A hotel with a neon “no vacancy” sign is like a cloud of ultracold atoms.
If a motel guest wishes to change rooms, they will be unable to do so. There are no available accommodations, so you have no choice but to stay put. Similarly, atoms trapped in crowded settings have no possibility of changing their quantum states in future tests. Three teams of researchers write in the Nov. 19 issue of Science that because of this limitation, the atoms don’t disperse light as they typically would. This impact was predicted more than three decades ago and is now being observed for the first time.
Atoms interact with light rapidly under normal conditions. If you shine a light beam on a cloud of atoms, some of the light will disperse in all directions. This form of light scattering occurs often in the Earth’s atmosphere. “We view the sky as blue because of dispersed radiation from the sun,” explains MIT’s Yair Margalit, who was part of one of the studies’ team.
In ultracold, dense atom clouds, however, quantum physics comes to the fore. “The way they interact with light or scatter light is different,” explains Amita Deb, a physicist at the University of Otago in Dunedin, New Zealand, who was a coauthor of one of the research.
Atoms in the experiments can’t take on the same quantum state — that is, they can’t have the same momentum as another atom in the experiment — according to the Pauli exclusion principle (SN: 5/19/20). If atoms are crowded together in a thick cloud and chilled to near absolute zero, the lowest-energy quantum states will emerge. Those low-energy states will be completely occupied, similar to a hotel with no available rooms.

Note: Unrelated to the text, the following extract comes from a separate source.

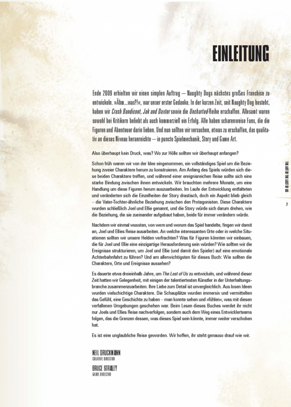 Dieses hochwertigen Artbook umfasst auf jeweils über 170 Seiten exklusive Konzeptzeichnungen aus der Entwicklung von »The Last of Us«, aufschlussreiche Kommentare der Künstler und Produzenten sowie detaillierte Aufzeichnungen zur Entwicklung des modernen Klassikers vom Spielstudio Naughty Dog.

When an atom scatters light, it gains momentum and changes its quantum state by sending light in a different direction. However, if the atom is unable to change its state owing to the crowded surroundings, the light will not be scattered. The atom cloud thins out, allowing light to pass through rather of dispersing it.
Margalit and colleagues studied the effect by shining light into a cloud of lithium atoms and measured how much light was dispersed. The scientists then lowered the temperature to cause the atoms to fill up the lowest energy states, thus inhibiting light scattering. The atoms scattered 37% less light as the temperature fell, showing that many atoms were stopped from scattering light. (Some atoms can still scatter light, for example, if they are thrown into unoccupied higher-energy quantum states.)
A cloud of ultracold strontium atoms was analysed by physicist Christian Sanner of the JILA research centre in Boulder, Colo., and colleagues in another experiment. The researchers looked at how much light was dispersed at tiny angles, when the atoms are jostled less by the light and hence had a harder time finding an empty quantum state. The atoms dispersed half as much light at lower temperatures as they did at higher temperatures.
The third experiment, conducted by Deb and University of Otago physicist Niels Kjrgaard, observed a comparable decrease in scattering in an ultracold potassium atom cloud and a commensurate increase in the amount of light passed through the cloud.
The Pauli exclusion principle is responsible for the structure of atoms and matter as we know it because it regulates the behaviour of electrons, protons, and neutrons. According to Sanner, these new findings portray the broad concept in a fresh light. “It’s intriguing because it demonstrates a really basic natural principle at action.”
The findings also point to new techniques to manipulate light and atoms. “There may be a lot of fascinating applications,” says Peter Zoller, a theoretical physicist at the University of Innsbruck in Austria who was not involved in the study. Light scattering is particularly linked to spontaneous emission, a process in which an atom in a high-energy state decays to a lower energy by producing light. The findings show that degradation might be halted, extending the energetic state’s lifespan. For example, in a quantum computer, such a method might be beneficial over storing quantum information for longer periods of time than is generally achievable.
These uses are still speculative, according to Zoller. “It will be interesting to see how realistic they are in the future.”